Long ago I had an item on my todo list to get this cleaned up. But
it never really having made it up high enough, I dropped it at
some point, in the hope that we'd manage to get this sorted while
re-writing code step by step.

> It is a shame we don't have a real struct for objects in the command
> buffer, but in lieu of that, this is just
> 
>     cmd[0] = addr | IOMMU_COMP_WAIT_S_FLAG_MASK;
> 
> which is the direction that previous cleanup has gone.

I don't think I can spot a single instance of such. Some work was
done to introduce (mainly bitfield) structs, but this surely goes
too far for the change at hand. I can spot two instances using
MASK_INSR(), so I can see two consistent ways of doing what you
ask for:

    cmd[0] = addr | MASK_INSR(IOMMU_CONTROL_ENABLED,
                              IOMMU_COMP_WAIT_S_FLAG_MASK);

keeping the name as *_MASK (and I'd be open to replace
IOMMU_CONTROL_ENABLED by true) or

    cmd[0] = addr | IOMMU_COMP_WAIT_S_FLAG;

i.e. dropping _MASK (but requiring adjustments elsewhere in the
code). Please let me know which one you'd prefer.

> There are no current users of IOMMU_COMP_WAIT_S_FLAG_SHIFT, and ...
> 
>> +    cmd[1] = addr >> 32;
>> +    set_field_in_reg_u32(IOMMU_CMD_COMPLETION_WAIT, cmd[1],
>>                           IOMMU_CMD_OPCODE_MASK,
>>                           IOMMU_CMD_OPCODE_SHIFT, &cmd[1]);
>> -    set_field_in_reg_u32(IOMMU_CONTROL_ENABLED, 0,
>> -                         IOMMU_COMP_WAIT_I_FLAG_MASK,
>> -                         IOMMU_COMP_WAIT_I_FLAG_SHIFT, &cmd[0]);
> 
> ... this drops the final use of IOMMU_COMP_WAIT_I_FLAG_SHIFT, so both
> should be dropped.

Well, I can surely do so, but like this entire request of yours this
feels like scope creep - there was no intention here to do any
unrelated cleanup. And if I remove _S_ and _I_, then surely _F_
wants dropping as well, while IOMMU_COMP_WAIT_ADDR_*_SHIFT have a
use each in iommu_guest.c and hence need to stay for now.

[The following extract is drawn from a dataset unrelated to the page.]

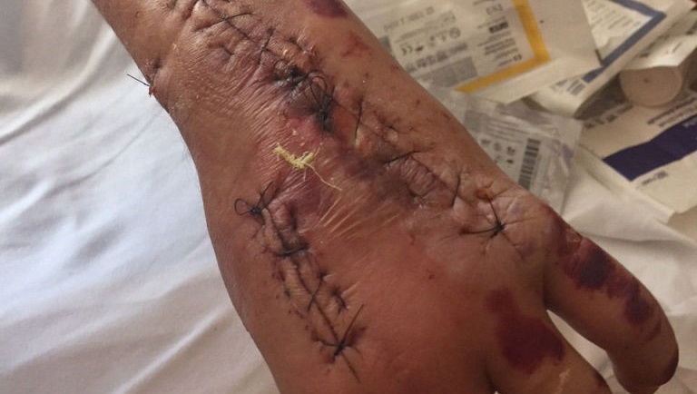 Doctors told Atkins’ wife his condition was limb- and life-threatening: necrotizing fasciitisis is fatal in more than 25 percent of cases. Atkins was fortunate that his training as a first responder tipped him off to the symptoms and that he got to the hospital quickly. He’s back home now, hand completely intact, and is expected to make a full recovery.

> As for IOMMU_CMD_OPCODE_SHIFT, that can't be dropped yet, but it would
> still be better to use
> 
>     cmd[1] = (addr >> 32) | MASK_INSR(IOMMU_CMD_COMPLETION_WAIT,
> IOMMU_CMD_COMPLETION_WAIT);
> 
> in the short term.

Can do (using IOMMU_CMD_OPCODE_MASK).

Jan
Andrew Cooper June 9, 2021, 12:33 p.m. UTC | #3
On 09/06/2021 13:08, Jan Beulich wrote:
> On 09.06.2021 12:36, Andrew Cooper wrote:
>> On 09/06/2021 10:26, Jan Beulich wrote:
>>> @@ -49,28 +52,31 @@ static void send_iommu_command(struct am
>>>  static void flush_command_buffer(struct amd_iommu *iommu,
>>>                                   unsigned int timeout_base)
>>>  {
>>> +    static DEFINE_PER_CPU(uint64_t, poll_slot);
>>> +    uint64_t *this_poll_slot = &this_cpu(poll_slot);
>>> +    paddr_t addr = virt_to_maddr(this_poll_slot);
>>>      uint32_t cmd[4];
>>>      s_time_t start, timeout;
>>>      static unsigned int __read_mostly threshold = 1;
>>>  
>>> -    /* RW1C 'ComWaitInt' in status register */
>>> -    writel(IOMMU_STATUS_COMP_WAIT_INT,
>>> -           iommu->mmio_base + IOMMU_STATUS_MMIO_OFFSET);
>>> -
>>> -    /* send an empty COMPLETION_WAIT command to flush command buffer */
>>> -    cmd[3] = cmd[2] = 0;
>>> -    set_field_in_reg_u32(IOMMU_CMD_COMPLETION_WAIT, 0,
>>> +    ACCESS_ONCE(*this_poll_slot) = CMD_COMPLETION_INIT;
>>> +
>>> +    /* send a COMPLETION_WAIT command to flush command buffer */
>>> +    cmd[0] = addr;
>>> +    set_field_in_reg_u32(IOMMU_CONTROL_ENABLED, cmd[0],
>>> +                         IOMMU_COMP_WAIT_S_FLAG_MASK,
>>> +                         IOMMU_COMP_WAIT_S_FLAG_SHIFT, &cmd[0]);
>> set_field_in_reg_u32() is a disaster of a function - both in terms of
>> semantics, and code gen - and needs to be purged from the code.
> Long ago I had an item on my todo list to get this cleaned up. But
> it never really having made it up high enough, I dropped it at
> some point, in the hope that we'd manage to get this sorted while
> re-writing code step by step.
>
>> It is a shame we don't have a real struct for objects in the command
>> buffer, but in lieu of that, this is just
>>
>>     cmd[0] = addr | IOMMU_COMP_WAIT_S_FLAG_MASK;
>>
>> which is the direction that previous cleanup has gone.
> I don't think I can spot a single instance of such.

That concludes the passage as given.